AIM OF THE TASK:
Each entry is to be given again precisely, and no picture may be carried over.

[RECORDED DATA]

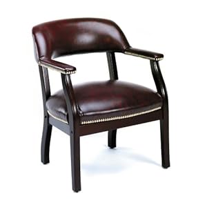 Classic traditional styling features hand applied individual brass nail head trim. Versatile chair for deskside, lounge, or conference room. Sturdy hardwood frame with a rich mahogany finish and covered in a soft durable easy care burgundy vinyl. No-sag spring seat. Available with casters item B9545. Dimensions: Seat Size: 22-inch W x 21-inch D, Back Size: 24-inch W x 12.5-inch H, Seat heigh... Click Here For More Detail
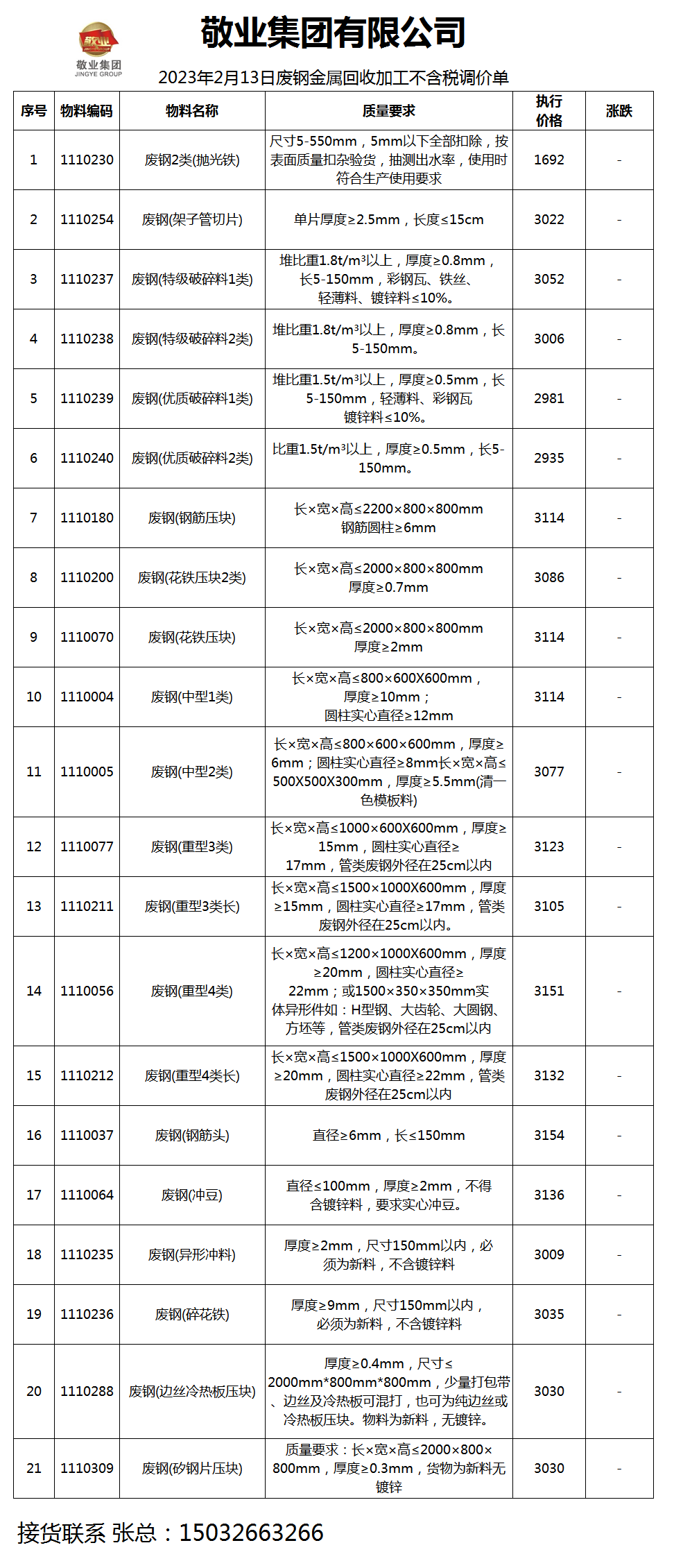今日敬业钢铁本部 废钢采购报价已更新,有货的朋友欢迎联系我们!
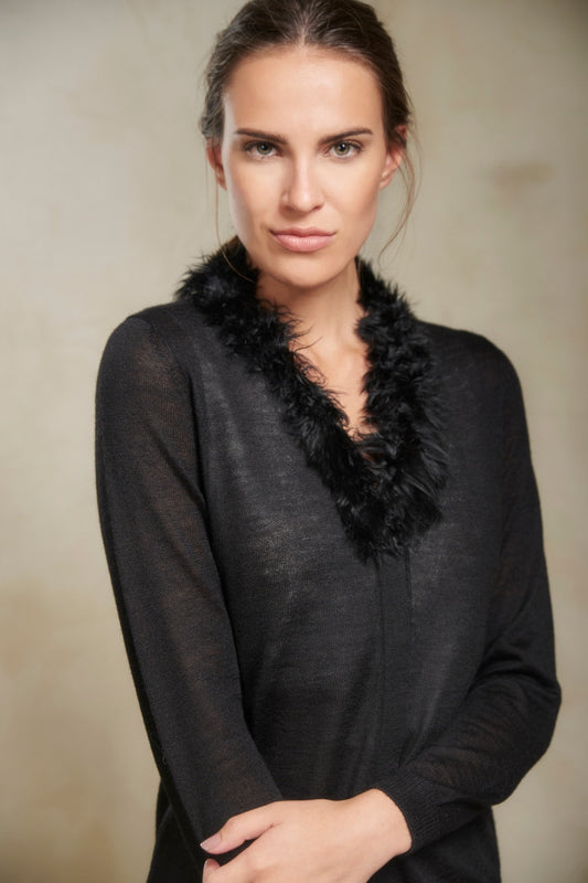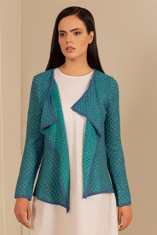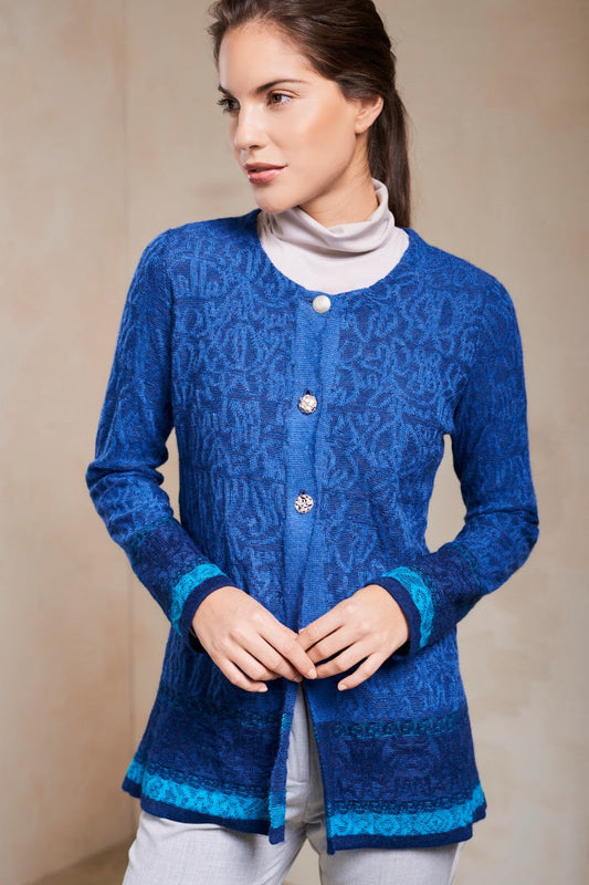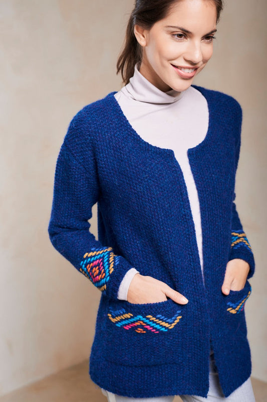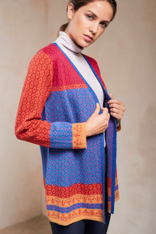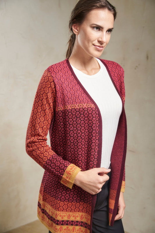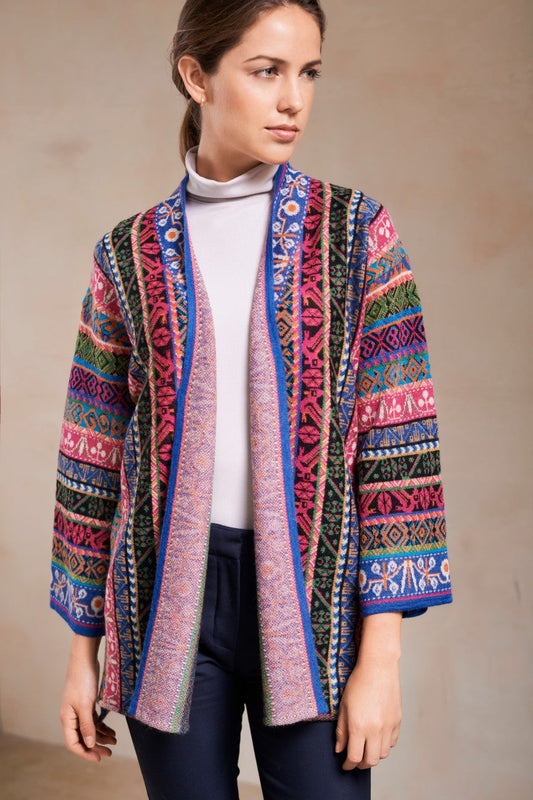 Ligero cárdigan Salma, en hermosos colores brillantes, hecho de 70% baby alpaca y 30% seda....
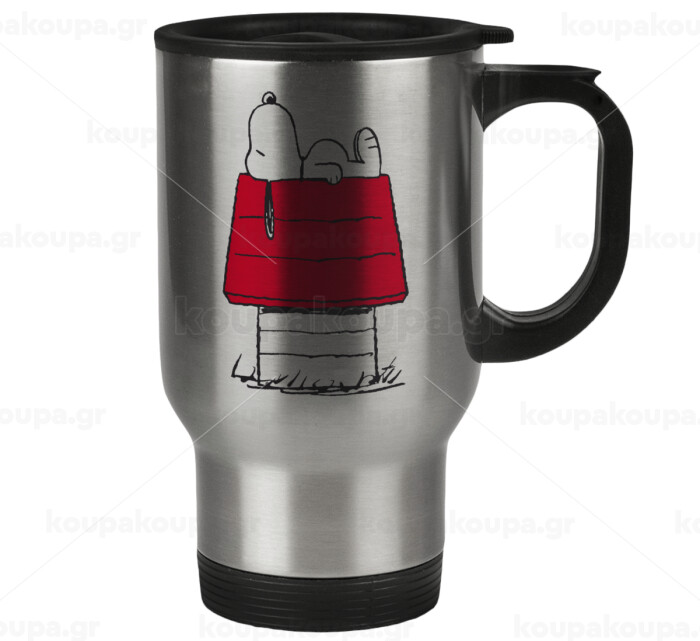 Το σπίτι του snoopy, Κούπα ταξιδιού ανοξείδωτη με καπάκι, διπλού τοιχώματος (θερμό) 450ml
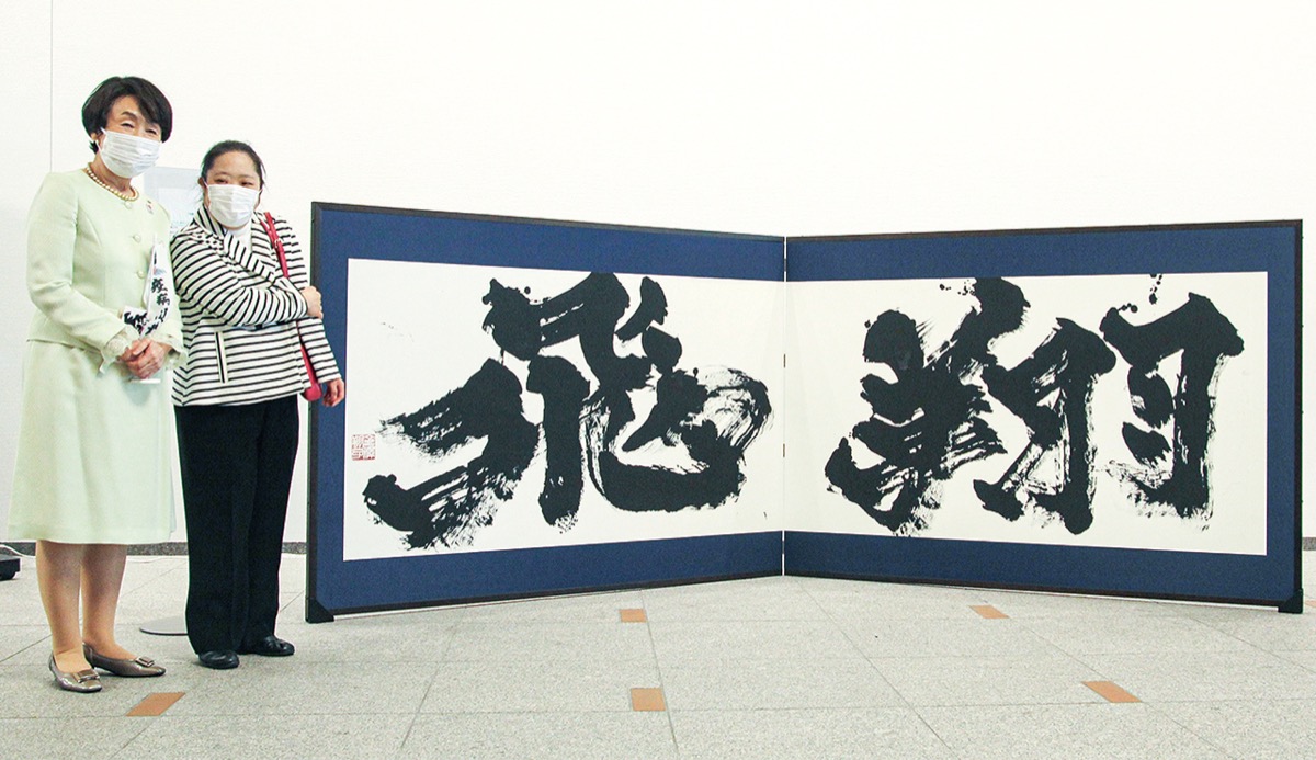 世界的に活動するダウン症の書家、金澤翔子さんが4月23日、横浜市役所を訪れ、東京五輪・パラリンピックへ向けて書いた作品の前で出場する選手へエールを送った。

[/RECORDED DATA]

COMPLETED EXERCISE:
 Classic traditional styling features hand applied individual brass nail head trim. Versatile chair for deskside, lounge, or conference room. Sturdy hardwood frame with a rich mahogany finish and covered in a soft durable easy care burgundy vinyl. No-sag spring seat. Available with casters item B9545. Dimensions: Seat Size: 22-inch W x 21-inch D, Back Size: 24-inch W x 12.5-inch H, Seat heigh... Click Here For More Detail
今日敬业钢铁本部 废钢采购报价已更新,有货的朋友欢迎联系我们!
 Ligero cárdigan Salma, en hermosos colores brillantes, hecho de 70% baby alpaca y 30% seda....
 Το σπίτι του snoopy, Κούπα ταξιδιού ανοξείδωτη με καπάκι, διπλού τοιχώματος (θερμό) 450ml
 世界的に活動するダウン症の書家、金澤翔子さんが4月23日、横浜市役所を訪れ、東京五輪・パラリンピックへ向けて書いた作品の前で出場する選手へエールを送った。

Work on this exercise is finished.